Various serialization packages can be found on Hackage; typically these require that the type to be serialized be an instance of some type class, with the package providing instances for most built-in types. Sometimes they merely require an automatically derivable instance of the type-reifying, reflective metaprogramming Data class (the charming fully qualified name for which is Data.Data.Data), or provide Template Haskell code to auto-generate instances.
For truly unusual serialization formats--or to create your own package like the previously mentioned ones--one can reach for the biggest hammer available, sort of a "big brother" to Read and Show: parsing and pretty-printing. Numerous packages are available for both, and while it may sound intimidating at first, parsing and pretty-printing are in fact amazingly painless in Haskell.
A glance at Hackage indicates that serialization packages already exist for various formats, including binary data, JSON, YAML, and XML, though I've not used any of them so I can't personally attest to how well they work. Here's a non-exhaustive list to get you started:
binary: Performance-oriented serialization to lazy ByteStrings
cereal: Similar to binary, but a slightly different interface and uses strict ByteStrings
genericserialize: Serialization via built-in metaprogramming, output format is extensible, includes R5RS sexp output.
json: Lightweight serialization of JSON data
RJson: Serialization to JSON via built-in metaprogramming
hexpat-pickle: Combinators for serialization to XML, using the "hexpat" package
regular-xmlpickler: Serialization to XML of recursive data structures using the "regular" package
The only other problem is that, inevitably, not all types will be serializable--if nothing else, I suspect you're going to have a hard time serializing polymorphic types, existential types, and functions.
For what it's worth, I think the pre-processor solution found in OCaml (as exemplified by sexplib, binprot and json-wheel among others) is pretty great (and I think people do very similar things with Template Haskell). It's far more efficient than reflection, and can also be tuned to individual types in a natural way. If you don't like the auto-generated serializer for a given type foo, you can always just write your own, and it fits beautifully into the auto-generated serializers for types that include foo as a component.
The only downside is that you need to learn camlp4 to write one of these for yourself.
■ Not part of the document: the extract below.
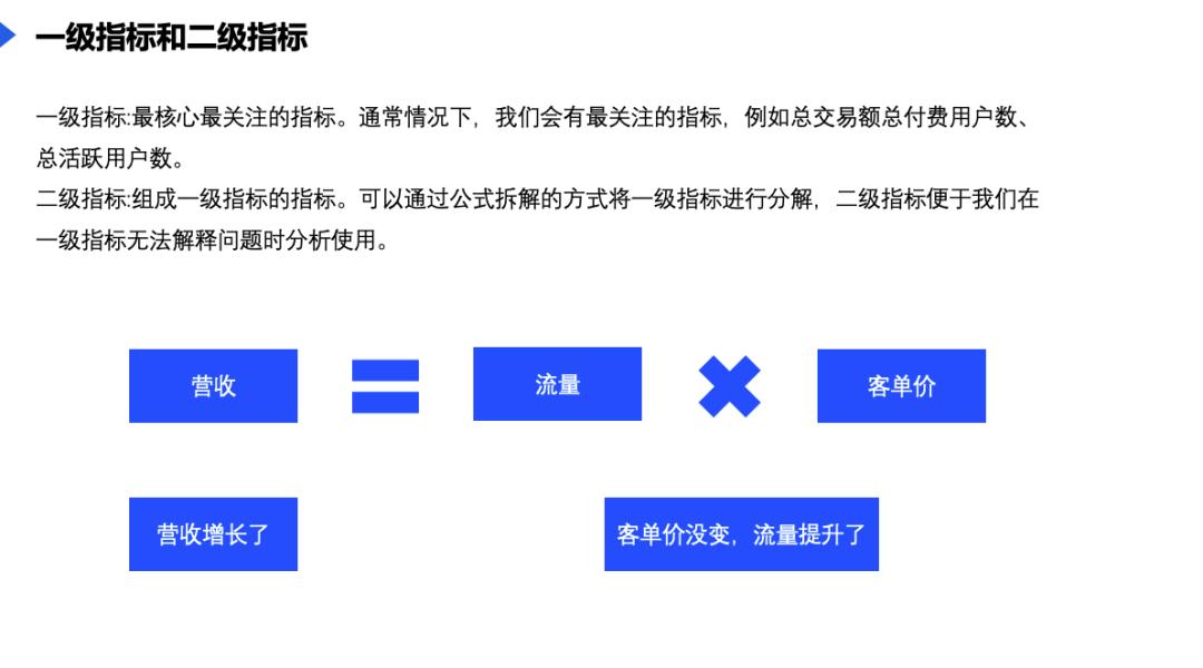 在运营中,我们还需要关注业务指标的拆解,营收=流量*客户数量。如果业务的一级指标是营收,从业务目标的拆解来看,二级指标是流量;如果企业的一级指标是流量,流量=广告曝光*点击量;那么二级指标可以是点击量;这需要根据业务属性进行拆解。每个行业都有不同的业务指标。首先,整理你自己行业的业务指标。接着进行指标拆解。

But using them is quite easy, once you get your build-system set up to use the preprocessor. It's as simple as adding with sexp to the end of a type definition:
type t = { foo: int; bar: float }
with sexp
and now you have your serializer.
You wanted
to do lot of boring work to turn a data type in haskell into JSON/XML/DB Row object and back again into a data object.
There are many ways to serialize and unserialize data types in Haskell. You can use for example,
Data.Binary
Text.JSON
as well as other common formants (protocol buffers, thrift, xml)
Each package often/usually comes with a macro or deriving mechanism to allow you to e.g. derive JSON. For Data.Binary for example, see this previous answer: Erlang's term_to_binary in Haskell?
The general answer is: we have many great packages for serialization in Haskell, and we tend to use the existing class 'deriving' infrastructure (with either generics or template Haskell macros to do the actual deriving).
My understanding is that the simplest way to serialize and deserialize in Haskell is to derive from Read and Show. This is simple and isn't fullfilling your requirements.
However there are HXT and Text.JSON which seem to provide what you need.
The usual approach is to employ Data.Binary. This provides the basic serialisation capability. Binary instances for data types are easy to write and can easily be built out of smaller units.
If you want to generate the instances automatically then you can use Template Haskell. I don't know of any package to do this, but I wouldn't be surprised if one already exists.